▶ [Instructions for the task]:
Your copy should hold the lines below from the first through the one that contains "DIPINTO A COLORI", each retyped exactly, and no pictures.

** Opening Data for the task block **

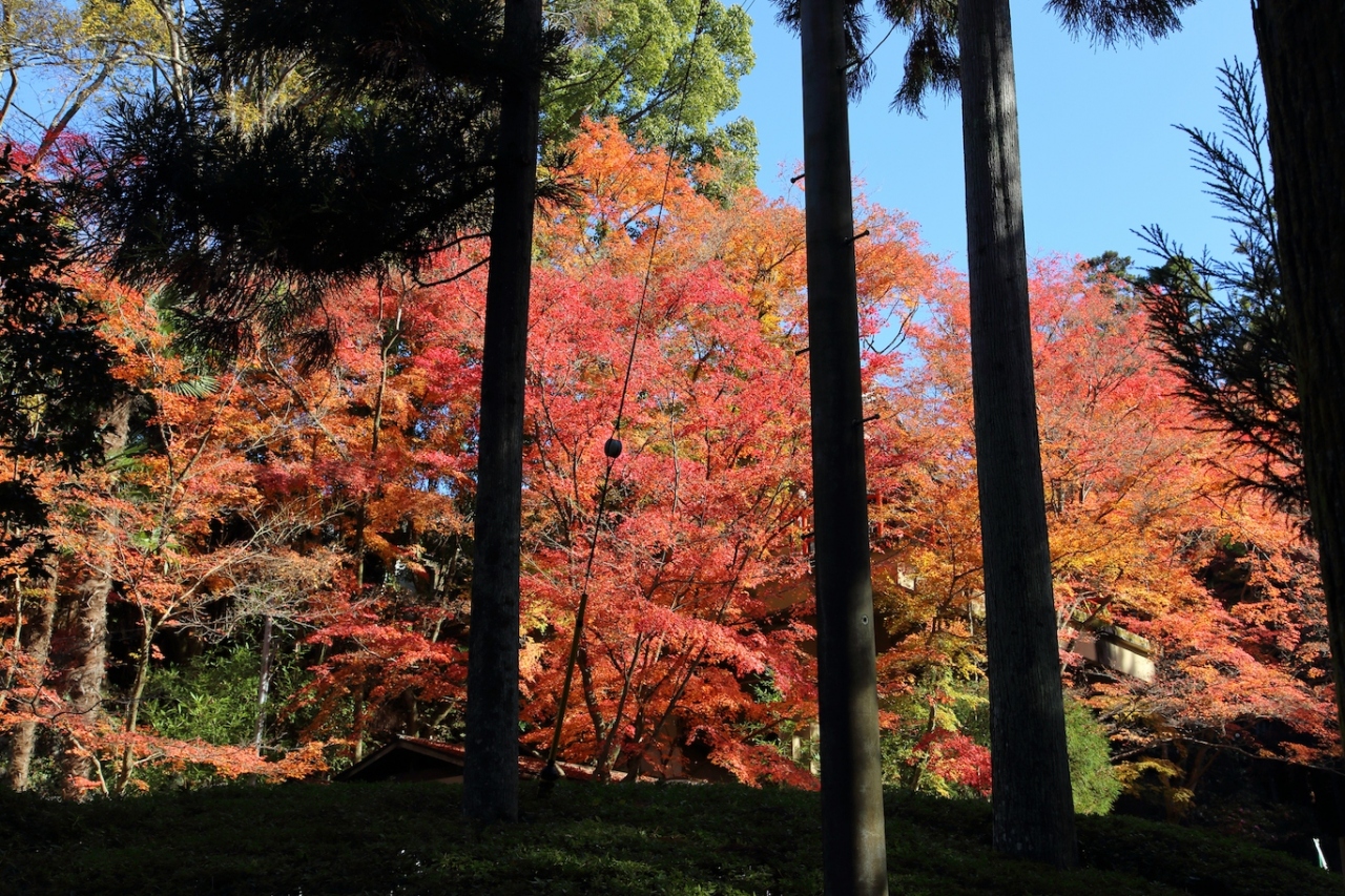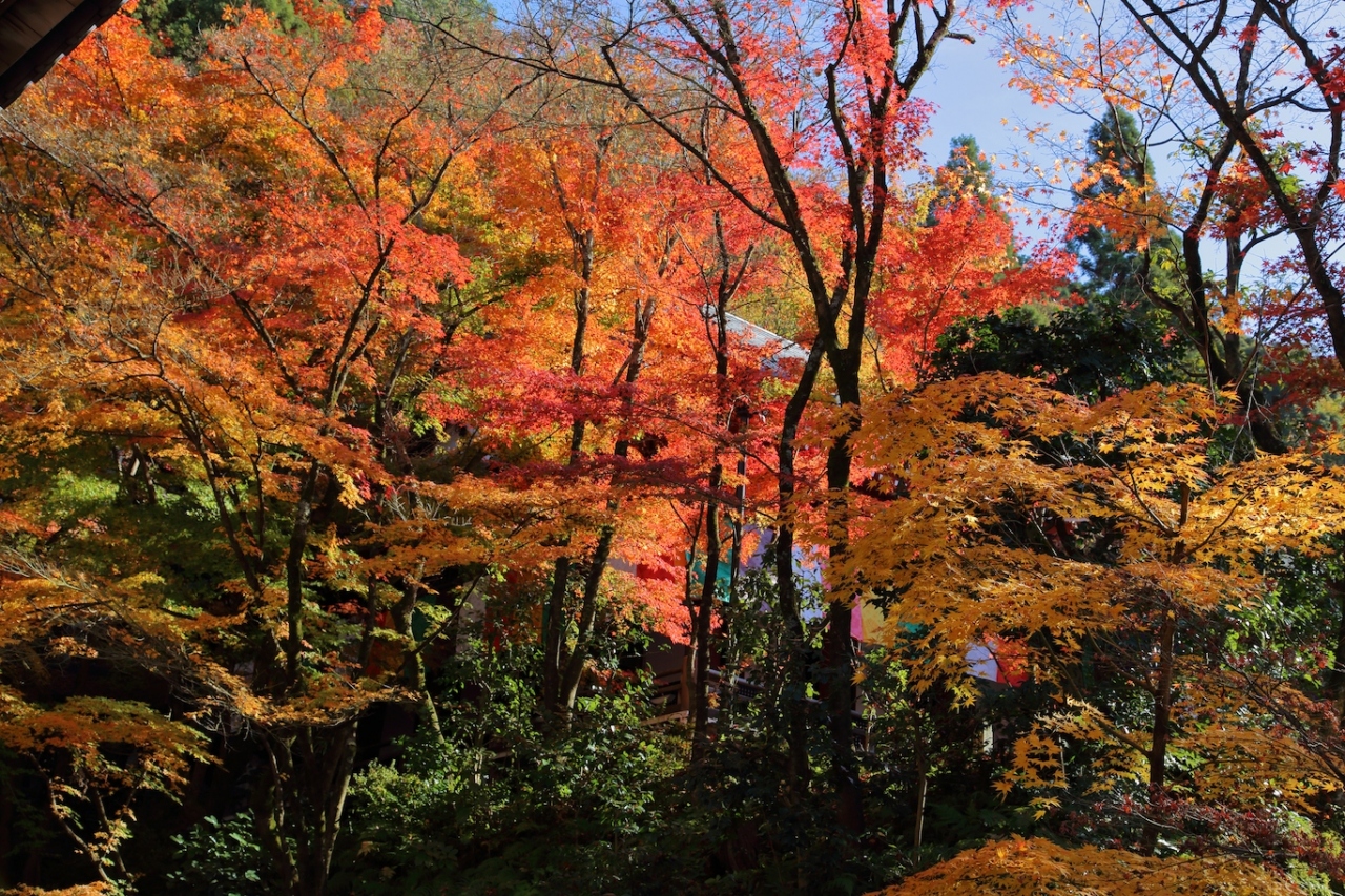 こちらの特徴は紅葉と桜が一度に見られる点だと思います。境内に植えられている不断桜は秋に開花するので、紅葉の赤や黄色と薄いピンク色の花を同時に見ることができます。不断桜は染井吉野の様な豪華さはありませんが、可憐な不断桜と赤と黄色、緑のコントラストは一見の価値があります。蓬莱庭も一面が苔に覆われていて、紅葉と苔の織り成す景色は素晴らしかったです。本堂や三重塔の周りには紅葉はあまりありませんが、建物自体は重厚で歴史の長さを伝えてくれるものでした。- 旅行時期
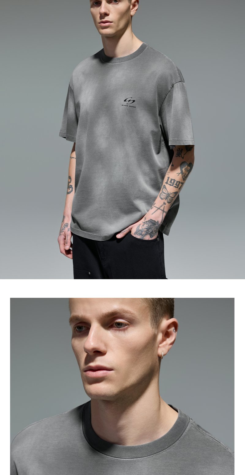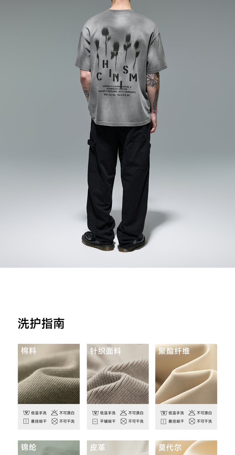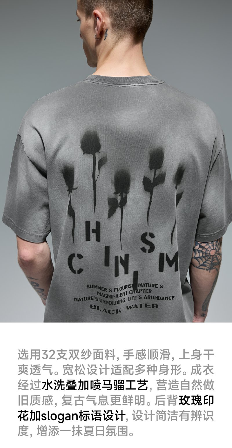 【商场同款】CHINISM赤尘 水洗玫瑰印花短袖T恤男2025夏季上衣
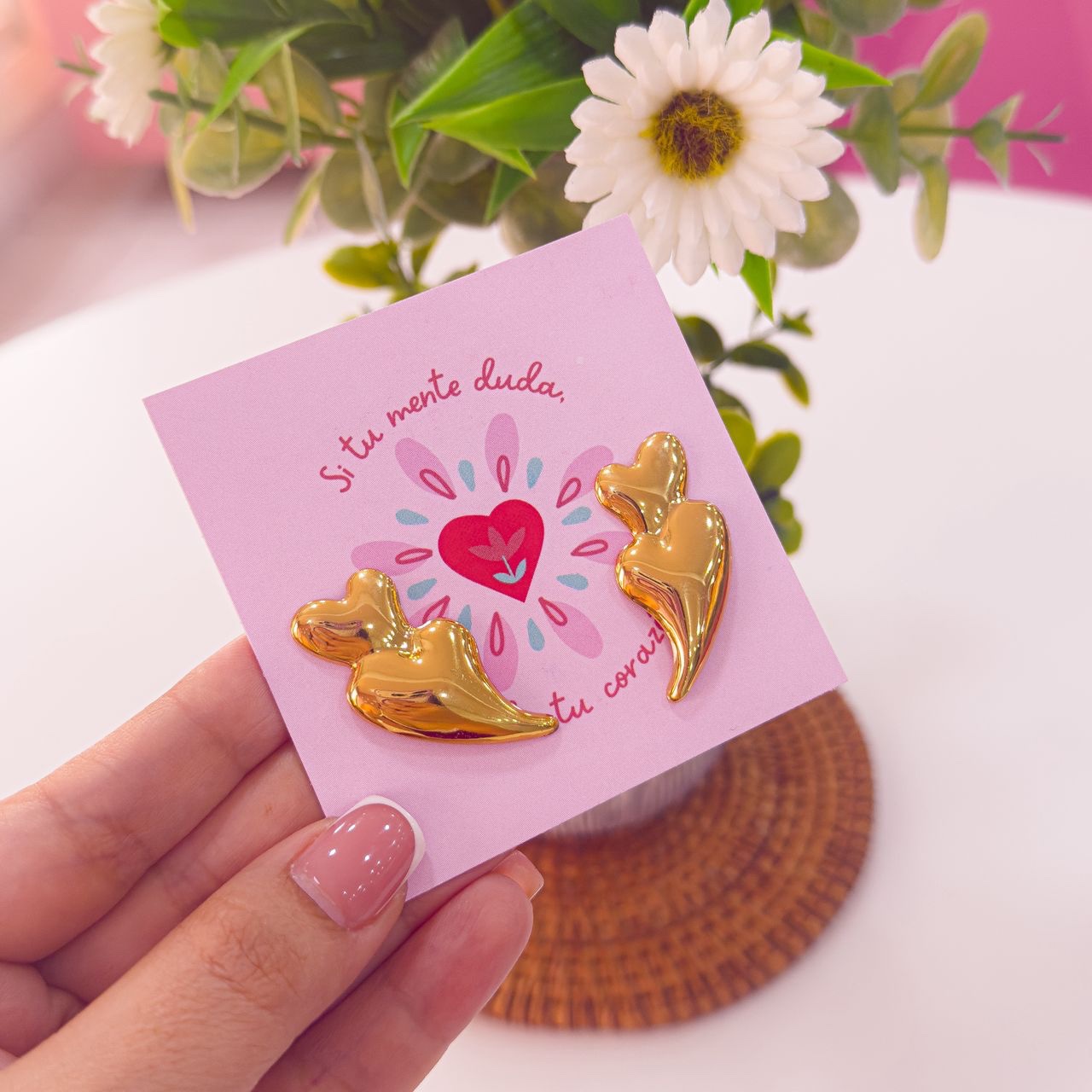 80022-1 Zarcillos acero dorado bicorazon lado
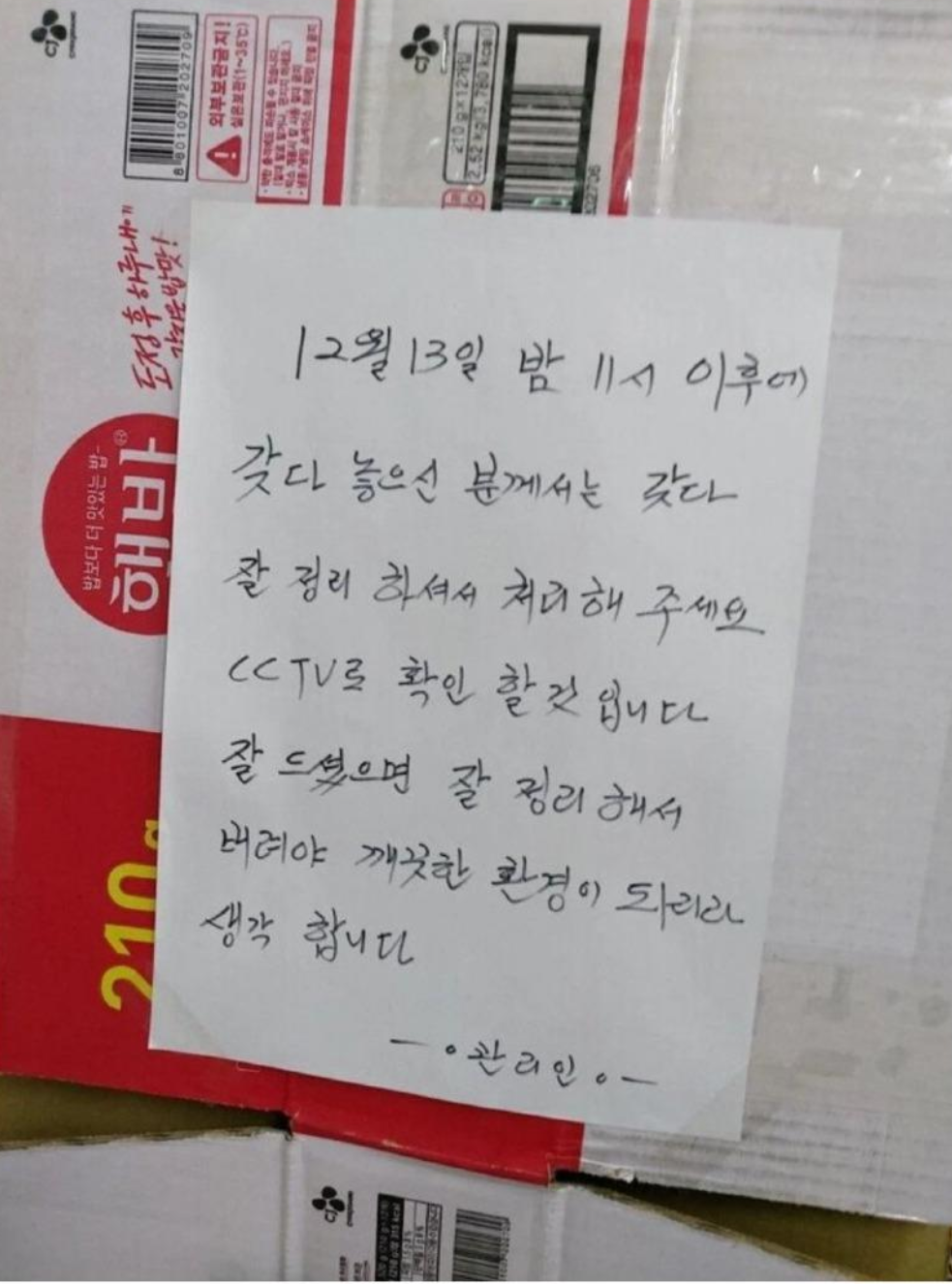 12월 13일 밤11시 이후 갖다 놓으신분은 다시 정리하라고...
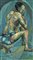 DIPINTO A COLORI SU TELA CON UOMO SEDUTO VISTO DI TRE QUARTI DA TERGO
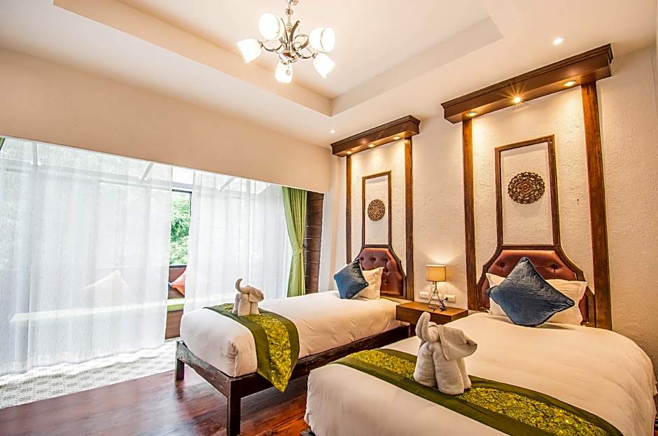 At E-outfitting Doikham Resort, guests can choose from rooms ranging from Standard Twin Rooms to Deluxe Family Suites. The occupancy of the rooms varies from accommodating 2 adults and 1 child to 6 adults and 1 child. Smoking is not allowed in any of the rooms, and bed sizes include twin, king-size, or a combination of both in different room types.
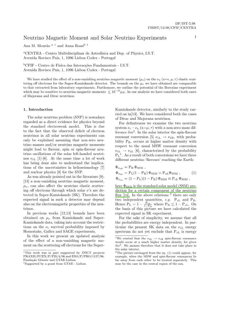 出处:Ana M. Mouro and Anna Rossi,Neutrino Magnetic Moment and Solar Neutrino Experiments [J], Nuclear Physics B(Proc.Suppl.)77(1999)89-92

** Closing Data for the task block **

▶ [Answer box]:
 こちらの特徴は紅葉と桜が一度に見られる点だと思います。境内に植えられている不断桜は秋に開花するので、紅葉の赤や黄色と薄いピンク色の花を同時に見ることができます。不断桜は染井吉野の様な豪華さはありませんが、可憐な不断桜と赤と黄色、緑のコントラストは一見の価値があります。蓬莱庭も一面が苔に覆われていて、紅葉と苔の織り成す景色は素晴らしかったです。本堂や三重塔の周りには紅葉はあまりありませんが、建物自体は重厚で歴史の長さを伝えてくれるものでした。- 旅行時期
 【商场同款】CHINISM赤尘 水洗玫瑰印花短袖T恤男2025夏季上衣
 80022-1 Zarcillos acero dorado bicorazon lado
 12월 13일 밤11시 이후 갖다 놓으신분은 다시 정리하라고...
 DIPINTO A COLORI SU TELA CON UOMO SEDUTO VISTO DI TRE QUARTI DA TERGO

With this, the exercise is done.